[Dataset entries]
___

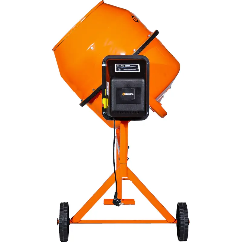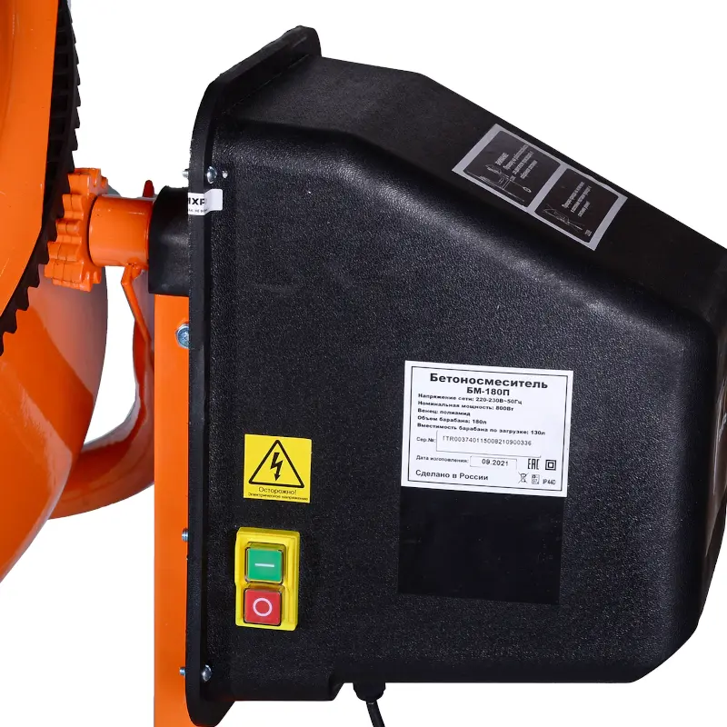 Бетономешалка работает от однофазной сети переменного тока напряжением 230 В. Электродвигатель мощностью 800 Вт обеспечивает вращение барабана со скоростью до 32 об/мин.
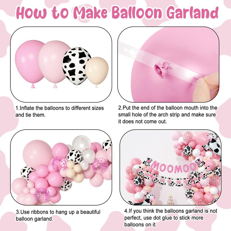 - Easy to Assemble: This is a DIY pink cow balloon arch. But it’s easy to assemble! We offer everything you need to create stunning cowgirl birthday decorations for your party! First, inflate these pink balloons and tie them with the knotter. Second, insert the cow balloons into the balloon strip and trim them to your desired length. Last, use the glue and ribbon to hang the cow balloon garland on the wall, over a door frame, on entryway, along the staircase and so forth.
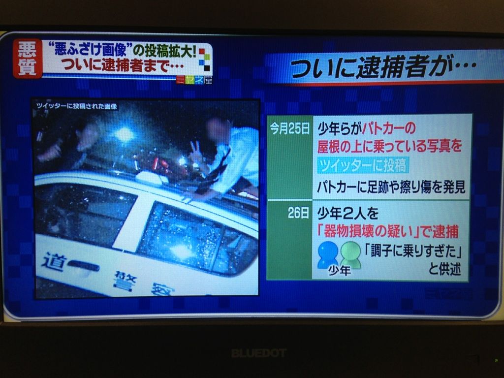 今日は朝とか昼の番組でも取り上げられてましたが、悪ふざけ画像でついに逮捕者がでたようですね。
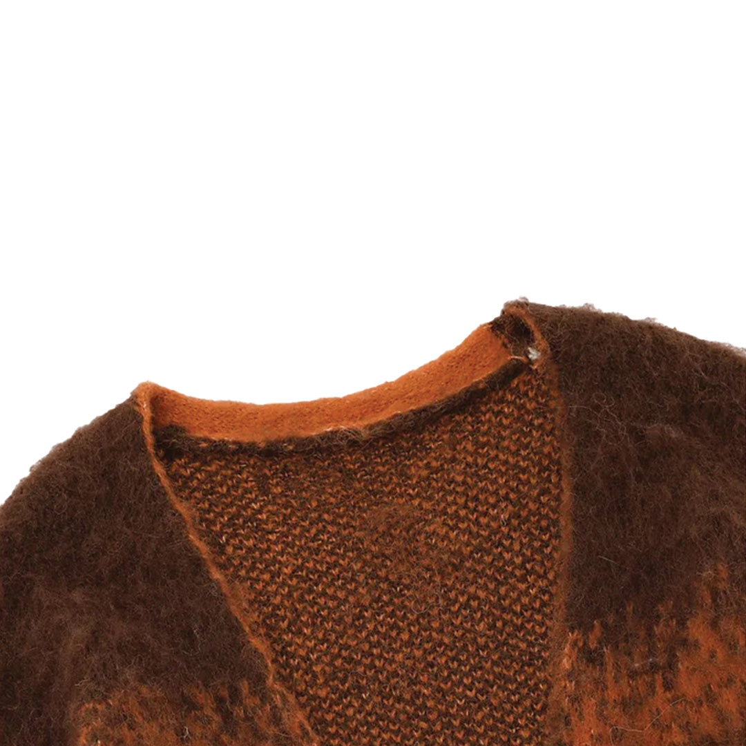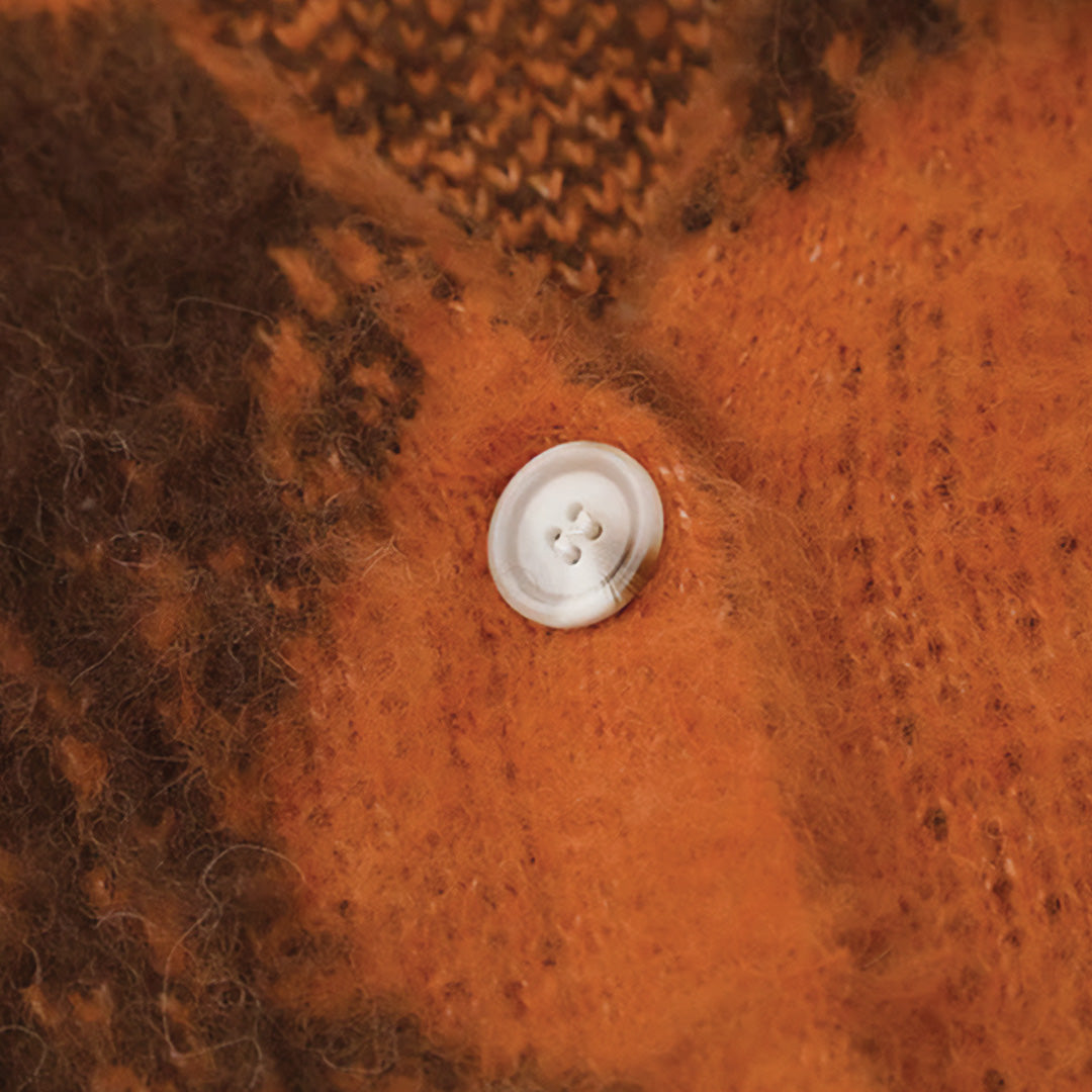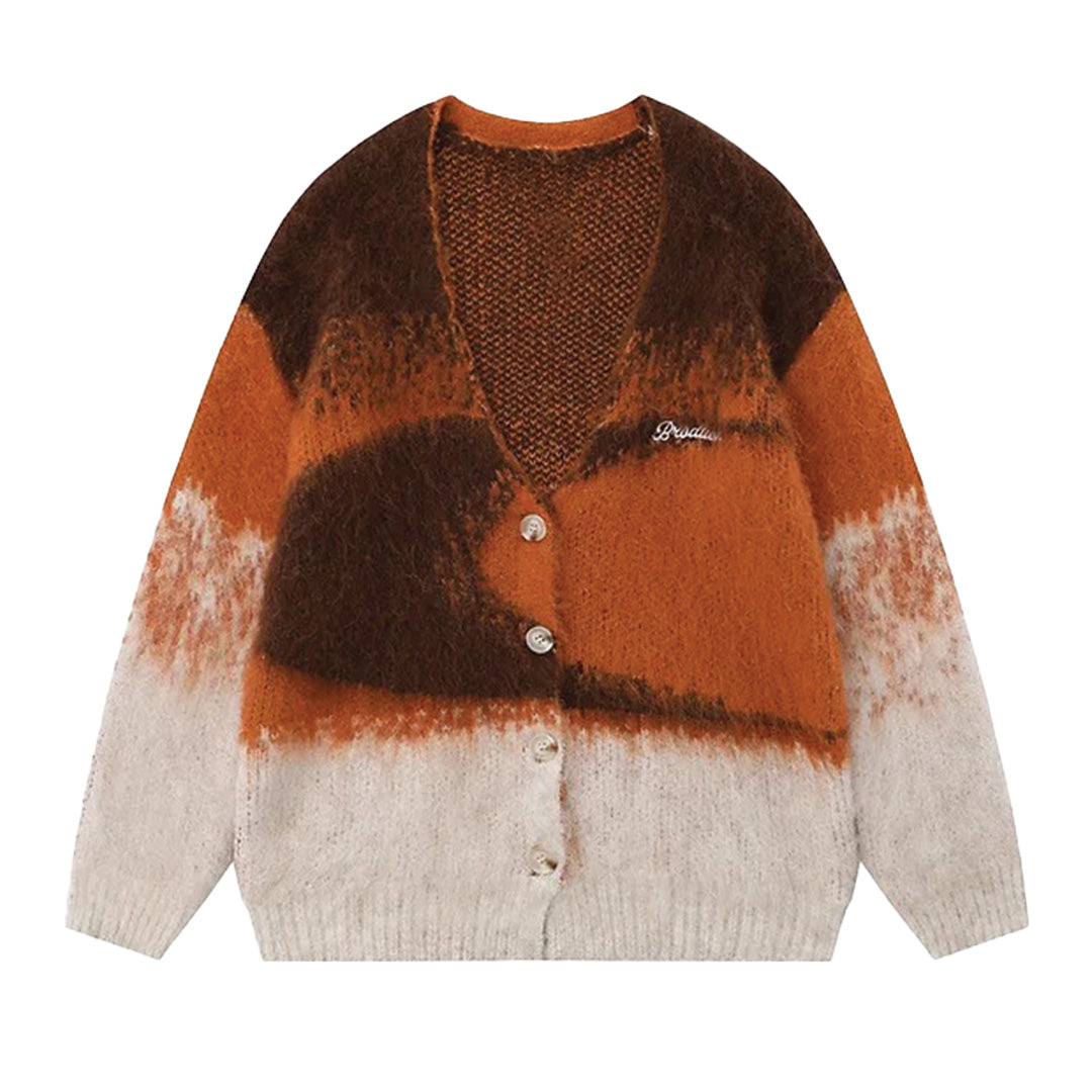 This vintage tie-dye cardigan is a sophisticated take on casual wear, blending a tie dye pattern with the elegance and comfort of a soft wool blend knit. The V-neck and single-breasted button closure offer a refined touch.
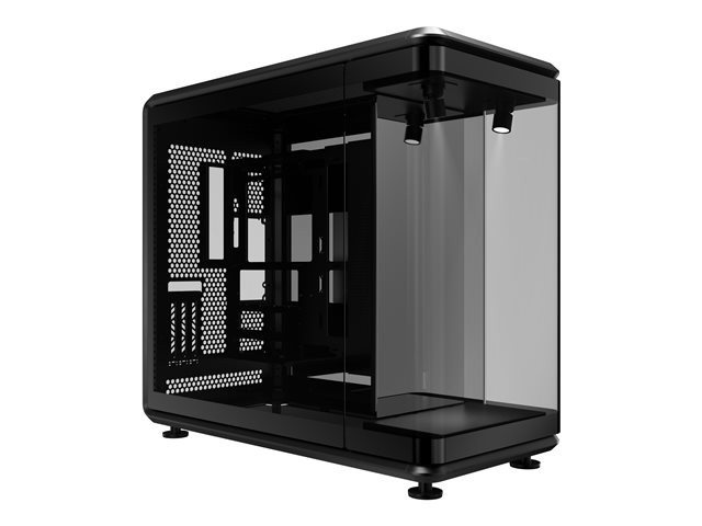 Kabelhanteringssystem (110 mm fritt utrymme), stöd för bakre anslutning av moderkort, Open Frame-design, frampanel med spegel, tredelat panoramaglas, 2 ARGB strålkastare
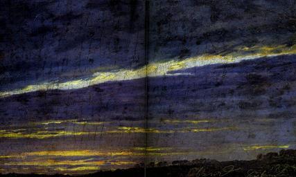 | Keywords: Caspar David Friedrich - Abendlicher Wolkenhimmel (1824).jpg Artwork Q18602486 creator Caspar David Friedrich title Abendlicher Wolkenhimmel / Abend Ciel nuageux nuit / Nuit Nightly cloudy sky / Evening 1824-09 oil canvas cm 12 5 21 2 Belvedere accession number 2379 http //digital belvedere at/emuseum/view/objects/asitem/search 0040/52/primaryMakerAlpha-asc/dateBegin-asc t state flow d7cb7528-95f0-41b4-80c9-d3caee12eb86 Österreichische Galerie Belvedere Vienna object history 1923 Widmung Kommerzialrat Franz Josef Honig credit line langSwitch Dat und bez žAbend September 1824 Dated and inscribed Abend translated Evening September 1824 ~ lower right http //nevsepic com ua/art-i-risovanaya-grafika/page 1 8238-caspar_david_friedrich_26kaspar-david-fridrih-xixe-caspar-david-friedrich-240-rabot-2-chast9-mb-2 html nevsepic com ua http //digital belvedere at/emuseum/media/view/Objects/8179/14467 t state flow ebc040f3-fe8a-4139-85ad-feddab828304 PD-old-100 DEFAULTSORT Caspar David Friedrich Abendlicher Wolkenhimmel Belvedere 1820s paintings by Caspar David Friedrich 1824 Abendlicher Wolkenhimmel Belvedere Paintings by Caspar David Friedrich in the Österreichische Galerie Belvedere 1824 paintings |
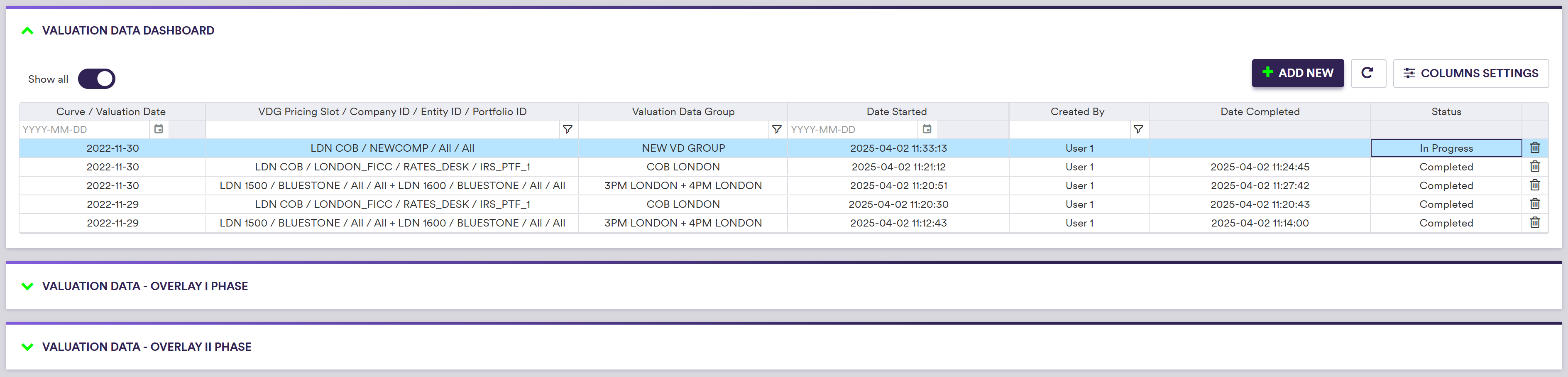 You can view a completed dashboard that was run for the ‘LDN 1500’ and ‘LDN 1600’ pricing slots in respect of all the portfolios belonging to the ‘BLUESTONE’ company, or one that was run for the ‘LDN COB’ pricing slot in respect of the ‘LONDON_FICC/RATES_DESK/IRS_PTF_1’ portfolio. Alternatively, you can replicate the completed ‘LDN COB’ dashboard by starting your own VD XM workflow.
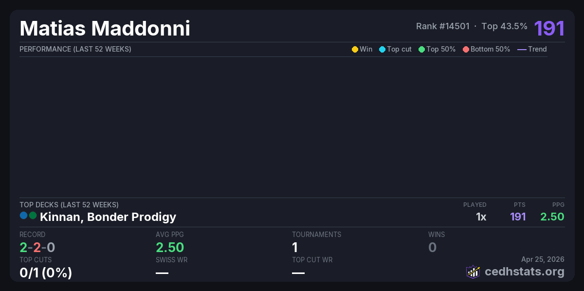 | Torneo Clasificatorio al HoF en el Ojo Apr 26, 2025 · 33 players | Kinnan, Bonder Prodigy | 8/33 | 2-2-0 | 2.50 | 191 |
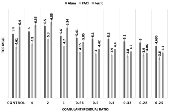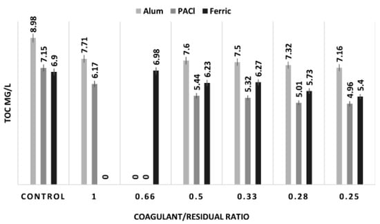 Percentage additional TOC removal for each C/R ratio tested was calculated as the percentage difference between the TOC concentration of effluent water using just the coagulant (no residual solids) and that of water treated with C/R ratios as shown in Equation (1).
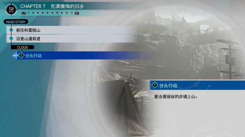 1、首先将剧情推进到游戏的第七章充满懊悔的故乡的分头行动的位置。
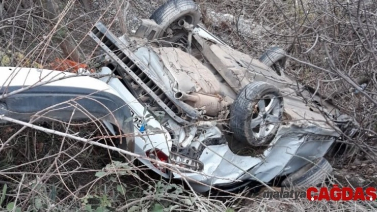 Adıyaman Kahta karayolu üzerinde virajı alamayan otomobil şarampole yuvarlandı.
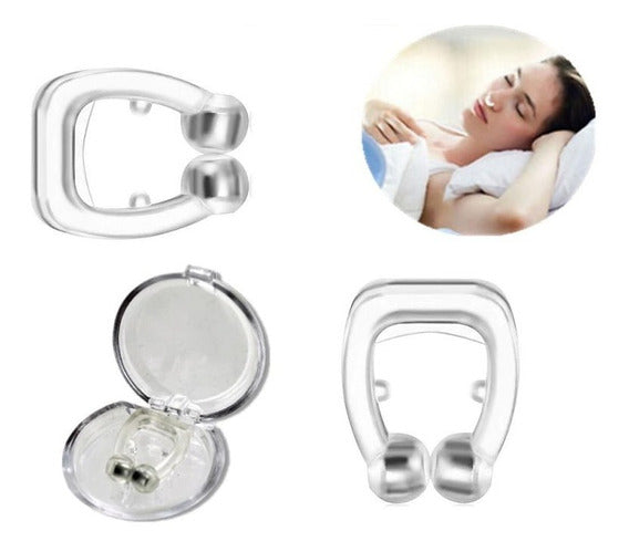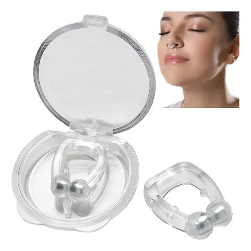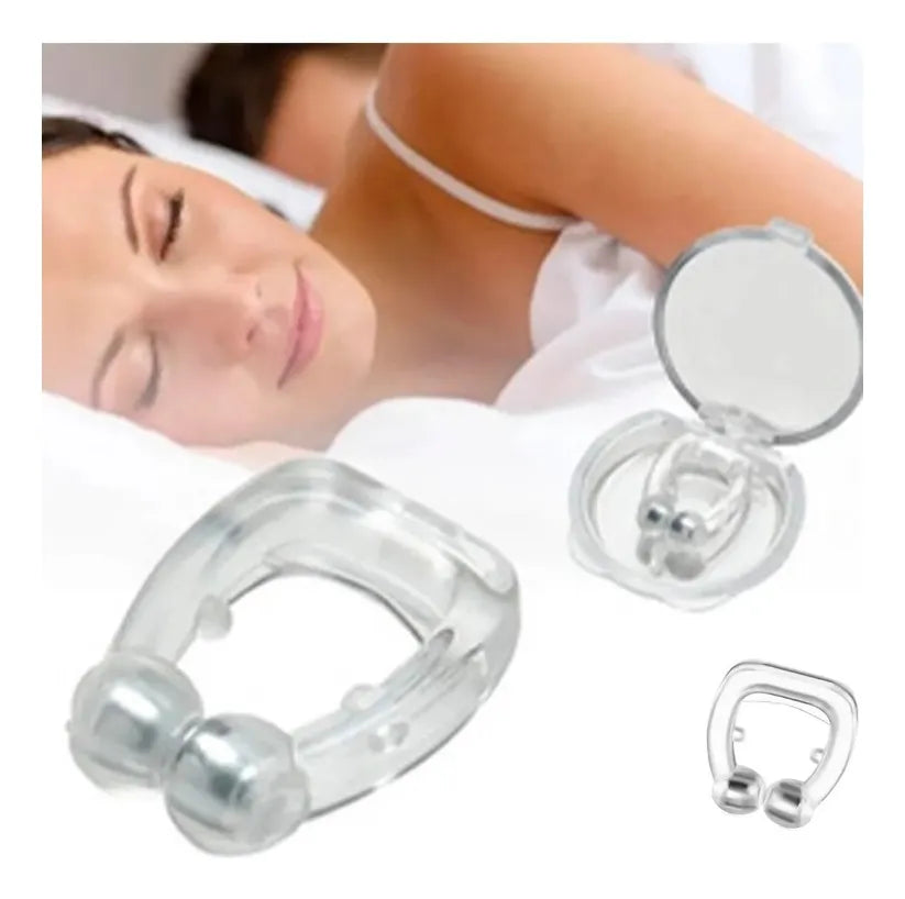 Con Clip anti ronquidos biomagnético, este novedoso invento se acabó el sufrir el estruendo sonido del ronquido de tu pareja. LosClips anti ronquidos biomagnéticos llevan imanes en su interior que ayudan a evitar los ronquidos. Este viene servido en un pequeño estuche. Es muy cómodo de llevar, en unos segundos se dará cuenta de la mejora en la respiración.

___

### The problem
All that is wanted is the lines above between the one containing "Kabelhanteringssystem (110 mm" and the one containing "2.50 | 191 |", inclusive, restated word for word, with pictures omitted.

### Written answer
 Kabelhanteringssystem (110 mm fritt utrymme), stöd för bakre anslutning av moderkort, Open Frame-design, frampanel med spegel, tredelat panoramaglas, 2 ARGB strålkastare
 | Keywords: Caspar David Friedrich - Abendlicher Wolkenhimmel (1824).jpg Artwork Q18602486 creator Caspar David Friedrich title Abendlicher Wolkenhimmel / Abend Ciel nuageux nuit / Nuit Nightly cloudy sky / Evening 1824-09 oil canvas cm 12 5 21 2 Belvedere accession number 2379 http //digital belvedere at/emuseum/view/objects/asitem/search 0040/52/primaryMakerAlpha-asc/dateBegin-asc t state flow d7cb7528-95f0-41b4-80c9-d3caee12eb86 Österreichische Galerie Belvedere Vienna object history 1923 Widmung Kommerzialrat Franz Josef Honig credit line langSwitch Dat und bez žAbend September 1824 Dated and inscribed Abend translated Evening September 1824 ~ lower right http //nevsepic com ua/art-i-risovanaya-grafika/page 1 8238-caspar_david_friedrich_26kaspar-david-fridrih-xixe-caspar-david-friedrich-240-rabot-2-chast9-mb-2 html nevsepic com ua http //digital belvedere at/emuseum/media/view/Objects/8179/14467 t state flow ebc040f3-fe8a-4139-85ad-feddab828304 PD-old-100 DEFAULTSORT Caspar David Friedrich Abendlicher Wolkenhimmel Belvedere 1820s paintings by Caspar David Friedrich 1824 Abendlicher Wolkenhimmel Belvedere Paintings by Caspar David Friedrich in the Österreichische Galerie Belvedere 1824 paintings |
 You can view a completed dashboard that was run for the ‘LDN 1500’ and ‘LDN 1600’ pricing slots in respect of all the portfolios belonging to the ‘BLUESTONE’ company, or one that was run for the ‘LDN COB’ pricing slot in respect of the ‘LONDON_FICC/RATES_DESK/IRS_PTF_1’ portfolio. Alternatively, you can replicate the completed ‘LDN COB’ dashboard by starting your own VD XM workflow.
 | Torneo Clasificatorio al HoF en el Ojo Apr 26, 2025 · 33 players | Kinnan, Bonder Prodigy | 8/33 | 2-2-0 | 2.50 | 191 |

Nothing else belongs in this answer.